On Wed, May 29, 2013 at 5:47 AM, Elso Andras <elso.andras@xxxxxxxxx> wrote:
> Hi,
>
> I try your fscache patch on my test cluster. the client node is a
> ubuntu lucid (10.4) with 3.8 kernel (*) + your patch.
> Little after i mount the cephfs, i got this:
>
> [  316.303851] Pid: 1565, comm: lighttpd Not tainted 3.8.0-22-fscache
> #33 HP ProLiant DL160 G6
> [  316.303853] RIP: 0010:[<ffffffff81045c42>]  [<ffffffff81045c42>]
> __ticket_spin_lock+0x22/0x30
> [  316.303861] RSP: 0018:ffff8804180e79f8  EFLAGS: 00000297
> [  316.303863] RAX: 0000000000000004 RBX: ffffffffa0224e53 RCX: 0000000000000004
> [  316.303865] RDX: 0000000000000005 RSI: 00000000000000d0 RDI: ffff88041eb29a50
> [  316.303866] RBP: ffff8804180e79f8 R08: ffffe8ffffa40150 R09: 0000000000000000
> [  316.303868] R10: 0000000000000001 R11: 0000000000000001 R12: ffff88041da75050
> [  316.303869] R13: ffff880428ef0000 R14: ffffffff81702b86 R15: ffff8804180e7968
> [  316.303871] FS:  00007fbcca138700(0000) GS:ffff88042f240000(0000)
> knlGS:0000000000000000
> [  316.303873] CS:  0010 DS: 0000 ES: 0000 CR0: 0000000080050033
> [  316.303875] CR2: 00007f5c96649f00 CR3: 00000004180c9000 CR4: 00000000000007e0
> [  316.303877] DR0: 0000000000000000 DR1: 0000000000000000 DR2: 0000000000000000
> [  316.303878] DR3: 0000000000000000 DR6: 00000000ffff0ff0 DR7: 0000000000000400
> [  316.303880] Process lighttpd (pid: 1565, threadinfo
> ffff8804180e6000, task ffff88041cc22e80)
> [  316.303881] Stack:
> [  316.303883]  ffff8804180e7a08 ffffffff817047ae ffff8804180e7a58
> ffffffffa02c816a
> [  316.303886]  ffff8804180e7a58 ffff88041eb29a50 0000000000000000
> ffff88041eb29d50
> [  316.303889]  ffff88041eb29a50 ffff88041b29ed00 ffff88041eb29a40
> 0000000000000d01
> [  316.303892] Call Trace:
> [  316.303898]  [<ffffffff817047ae>] _raw_spin_lock+0xe/0x20
> [  316.303910]  [<ffffffffa02c816a>] ceph_init_file+0xca/0x1c0 [ceph]

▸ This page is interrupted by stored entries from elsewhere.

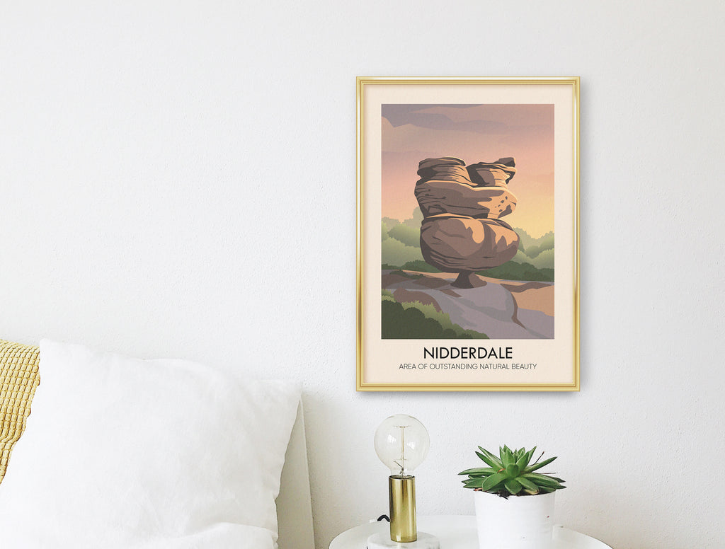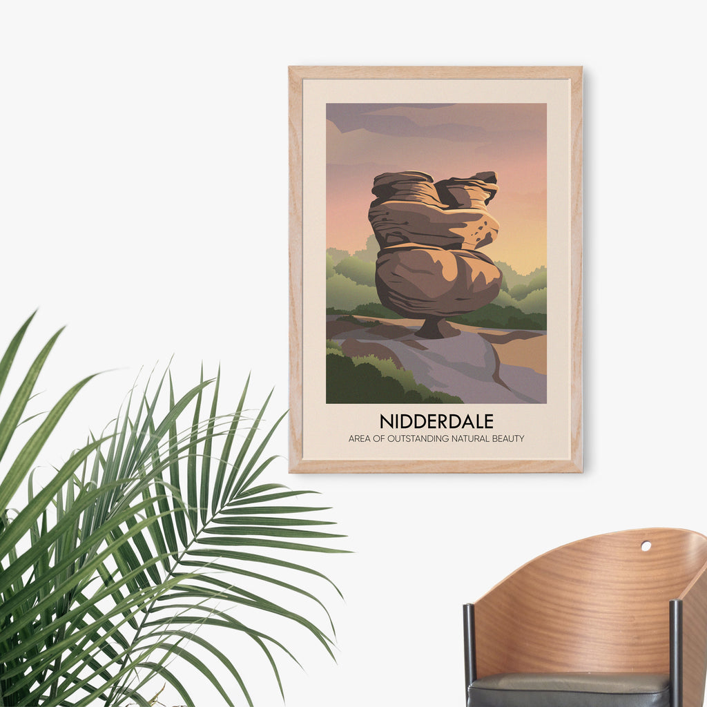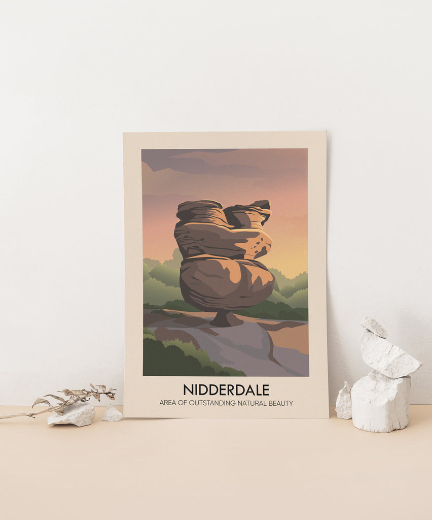 Original travel poster featuring Nidderdale AONB and specifically, the amazing Idol Stone in Brimham Rocks.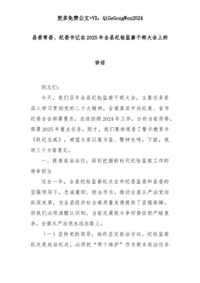 【七哥公文】2025年:县委常委、纪委书记在2025年全县纪检监察干部大会上的讲话+更多免费公文+VX:QiGeGongWen2024+更多免费公文+VX:QiGeGongWen2024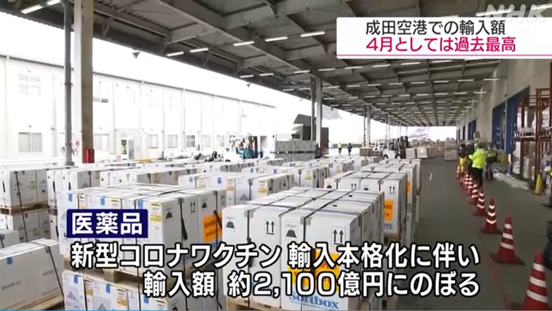 日本成田機場4月“醫藥品”進口額約占總進口額的16%。(NHK電視臺視頻截圖)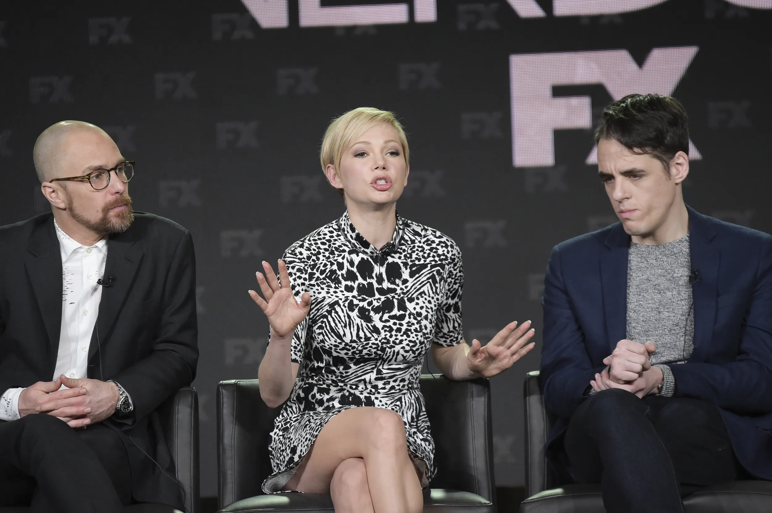 Sam Rockwell, from left, Michelle Williams and Steven Levenson participate in the “Fosse/Verdon” panel during FX TCA Winter Press Tour on Monday, February 4, 2019, in Pasadena, Calif. (Photo by Richard Shotwell/Invision/AP Photo)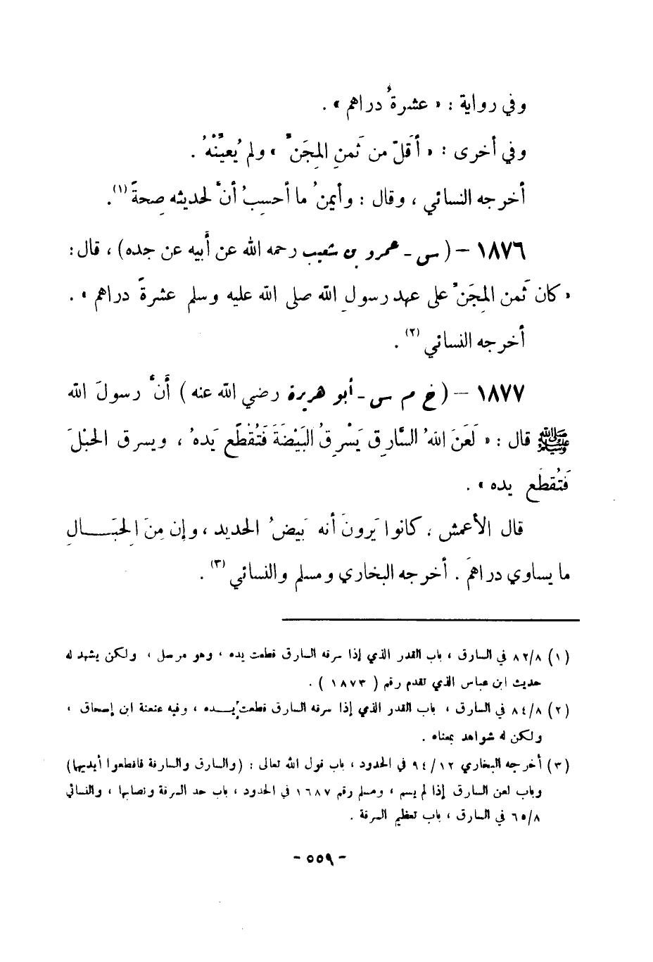 1877 - (خ م س) أبو هريرة - رضي الله عنه - أَنَّ رسولَ الله -صلى الله عليه وسلم- قال: «لَعَنَ الله السَّارِق يَسْرِقُ البَيْضَةَ فَتُقْطَع يَدهُ، ويسرق الحبْلَ فَتُقطع يده» .
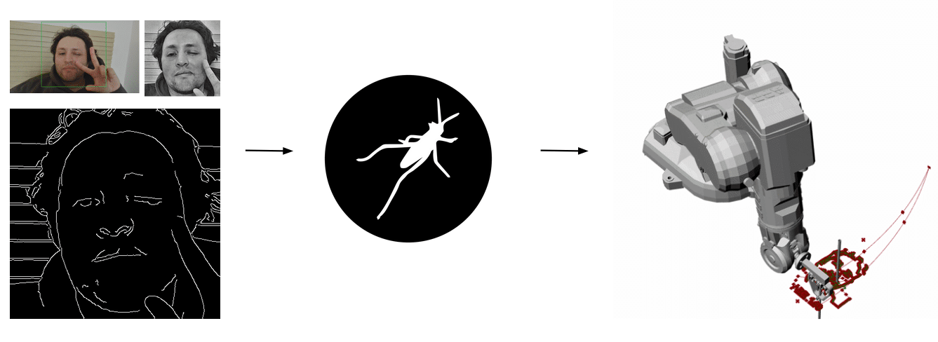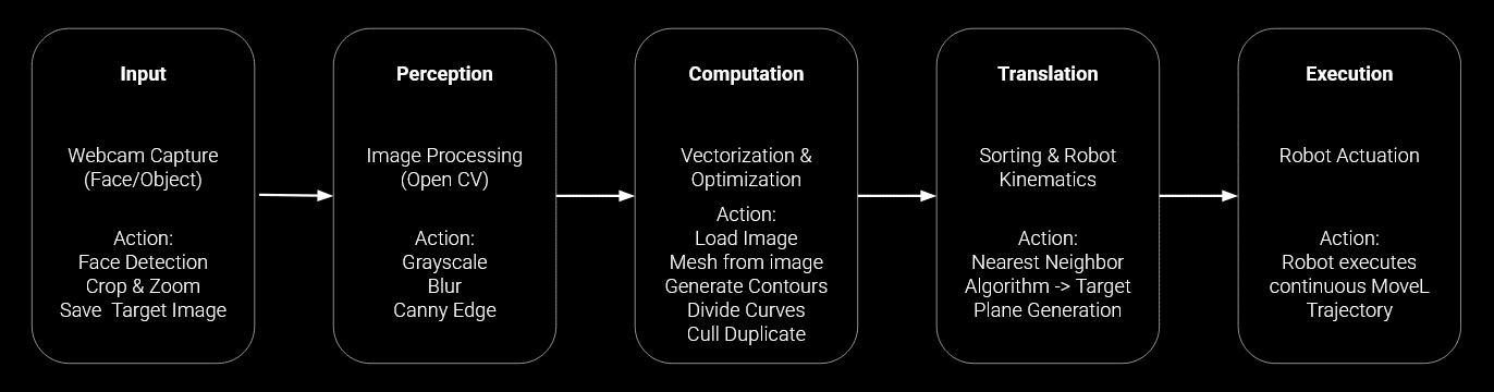 This workflow outlines a complete pipeline that transforms visual input into a continuous robotic drawing. It begins with Input, where a webcam captures a face or object and performs detection, cropping, and target image saving. In the Perception stage, the system applies image processing techniques in OpenCV grayscale conversion, blur filtering, and Canny edge detection to extract meaningful structural information. During Computation, the image is vectorized and optimized by generating contours, dividing curves, removing duplicates, and preparing a drawable mesh. The Translation phase then reorganizes this geometry through nearest-neighbor sorting and robot kinematic mapping, generating a feasible target plane and motion path. Finally, in Execution, the robot actuates a single continuous movement trajectory, physically materializing the processed vision without lifting the drawing tool, closing the loop between perception, computation, and embodied action.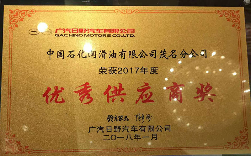 2018年长城润滑油蝉联广汽日野年度优秀供应商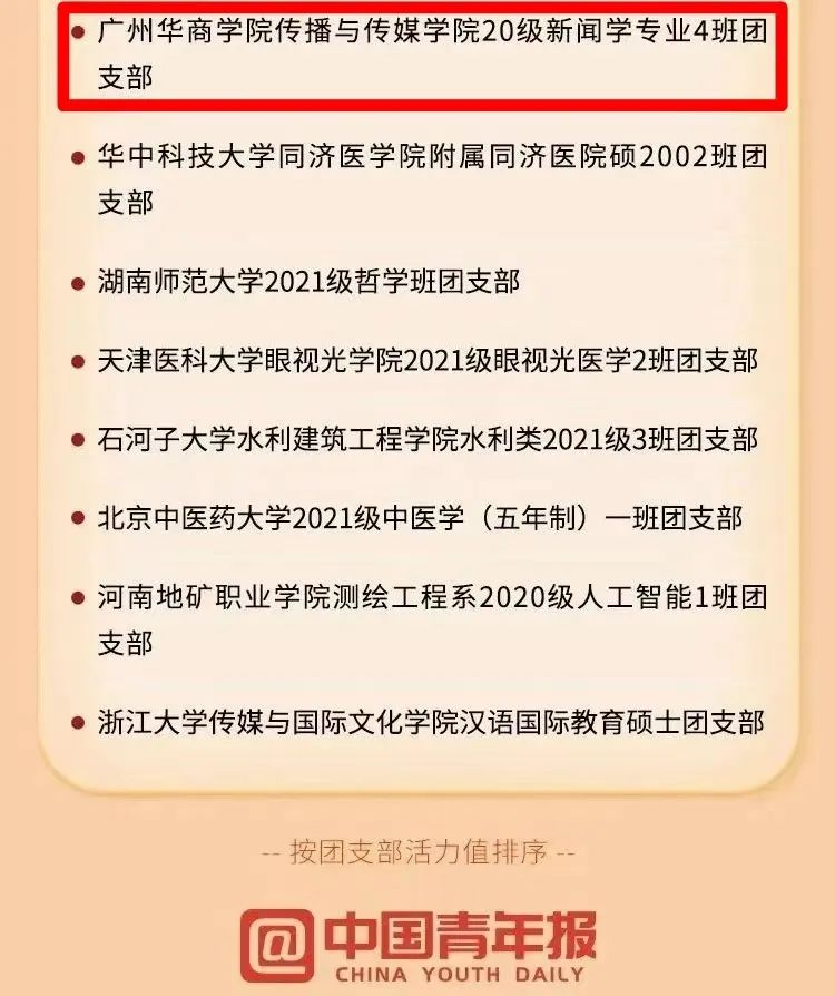 鸭脖传播与传媒学院20级新闻学专业4班团支部入选2022年度全国高校“活力团支部”最具组织力TOP100榜。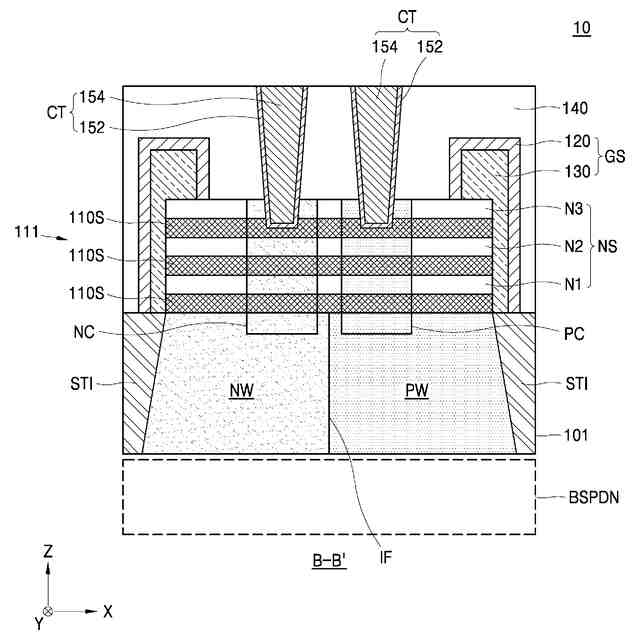 本発明の技術的思想による半導体素子は、互いに対向する第1面及び第2面を有する基板及び前記基板を貫通する1対の素子分離膜;前記1対の素子分離膜の間の前記基板で第1水平方向に沿って配置され、互いに接触する第1ウェル領域及び第2ウェル領域と、前記第1ウェル領域及び前記第2ウェル領域上に垂直方向に交互に積層されたナノシート及び犠牲絶縁パターンと、前記第1ウェル領域上で前記ナノシート及び前記犠牲絶縁パターンを前記垂直方向に貫通して前記第1ウェル領域に連結された第1不純物導電部と、前記第2ウェル領域上で前記ナノシート及び前記犠牲絶縁パターンを前記垂直方向に貫通して前記第2ウェル領域に連結された第2不純物導電部と、前記第1不純物導電部の上部に連結された第1コンタクトと、前記第2不純物導電部の上部に連結された第2コンタクトと、前記基板の前記第2面の下に配置される背面電力配線構造物(back side power distribution network)と、を含む。
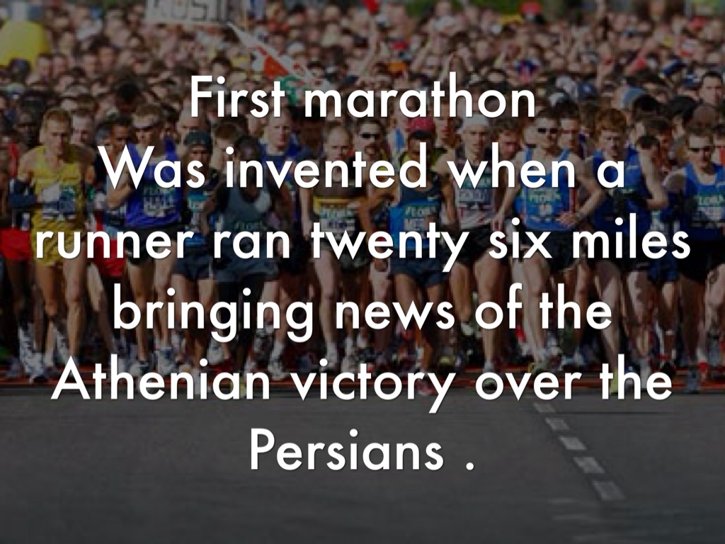 Was invented when a runner ran twenty six miles bringing news of the Athenian victory over the Persians .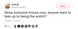 Tweet by Logan about trying to identify the person who ratted her out to the police about the break in.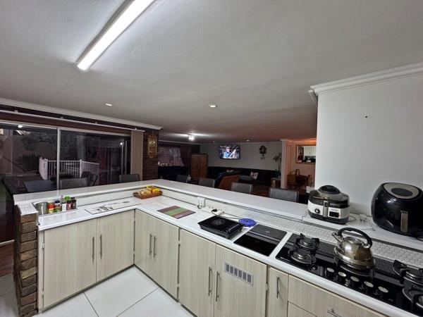 The built-in braai area adds to the entertainment potential of the property, creating a welcoming atmosphere for gatherings. For added convenience, a well-appointed scullery provides ample space for essential appliances such as a dishwasher, washing machine, and tumble dryer.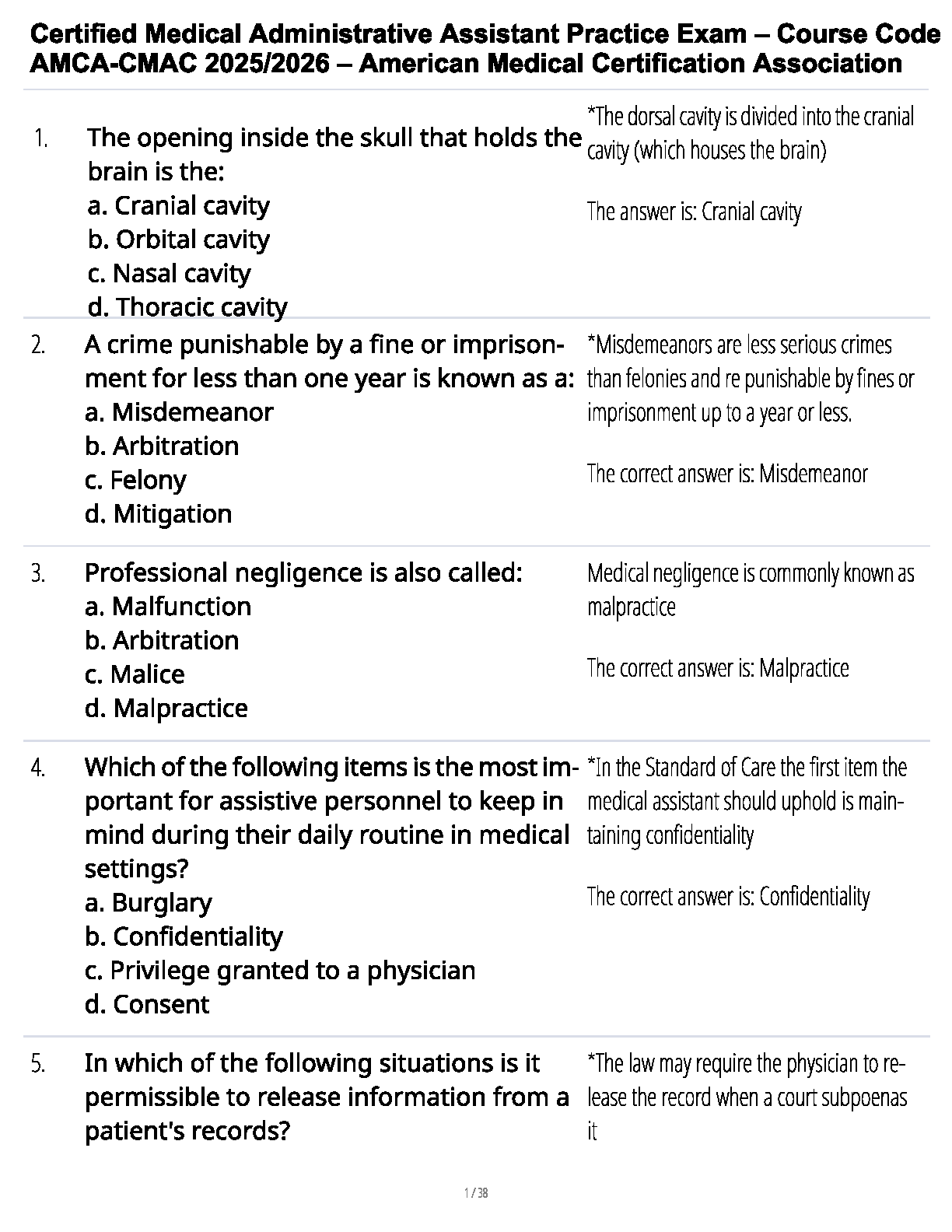 Ace your Certified Medical Administrative Assistant (AMCA-CMAC) certification exam with our comprehensive test bank, fully updated for the 2025/2026 academic year. This essential study resource, provided by the American Medical Certification Association, features a complete collection of practice questions that mirror the actual exam format. Each question comes with a verified correct answer and a detailed rationale to deepen your understanding of key concepts. Master topics in medical terminology, administrative procedures, and legal/ethical responsibilities. This test bank is expertly designed to help you study efficiently, identify areas for improvement, and build the confidence you need to pass your AMCA-CMAC exam on the very first attempt and launch your career as a certified professional.

> [  316.303917]  [<ffffffffa02c83e1>] ceph_open+0x181/0x3c0 [ceph]
> [  316.303925]  [<ffffffffa02c8260>] ? ceph_init_file+0x1c0/0x1c0 [ceph]
> [  316.303930]  [<ffffffff8119a62e>] do_dentry_open+0x21e/0x2a0
> [  316.303933]  [<ffffffff8119a6e5>] finish_open+0x35/0x50
> [  316.303940]  [<ffffffffa02c9304>] ceph_atomic_open+0x214/0x2f0 [ceph]
> [  316.303944]  [<ffffffff811b416f>] ? __d_alloc+0x5f/0x180
> [  316.303948]  [<ffffffff811a7fa1>] atomic_open+0xf1/0x460
> [  316.303951]  [<ffffffff811a86f4>] lookup_open+0x1a4/0x1d0
> [  316.303954]  [<ffffffff811a8fad>] do_last+0x30d/0x820
> [  316.303958]  [<ffffffff811ab413>] path_openat+0xb3/0x4d0
> [  316.303962]  [<ffffffff815da87d>] ? sock_aio_read+0x2d/0x40
> [  316.303965]  [<ffffffff8119c333>] ? do_sync_read+0xa3/0xe0
> [  316.303968]  [<ffffffff811ac232>] do_filp_open+0x42/0xa0
> [  316.303971]  [<ffffffff811b9eb5>] ? __alloc_fd+0xe5/0x170
> [  316.303974]  [<ffffffff8119be8a>] do_sys_open+0xfa/0x250
> [  316.303977]  [<ffffffff8119cacd>] ? vfs_read+0x10d/0x180
> [  316.303980]  [<ffffffff8119c001>] sys_open+0x21/0x30
> [  316.303983]  [<ffffffff8170d61d>] system_call_fastpath+0x1a/0x1f
>
> And the console print this lines forever, server is freezed:
> [  376.305754] BUG: soft lockup - CPU#2 stuck for 22s! [lighttpd:1565]
> [  404.294735] BUG: soft lockup - CPU#1 stuck for 22s! [kworker/1:1:39]
> [  404.306735] BUG: soft lockup - CPU#2 stuck for 22s! [lighttpd:1565]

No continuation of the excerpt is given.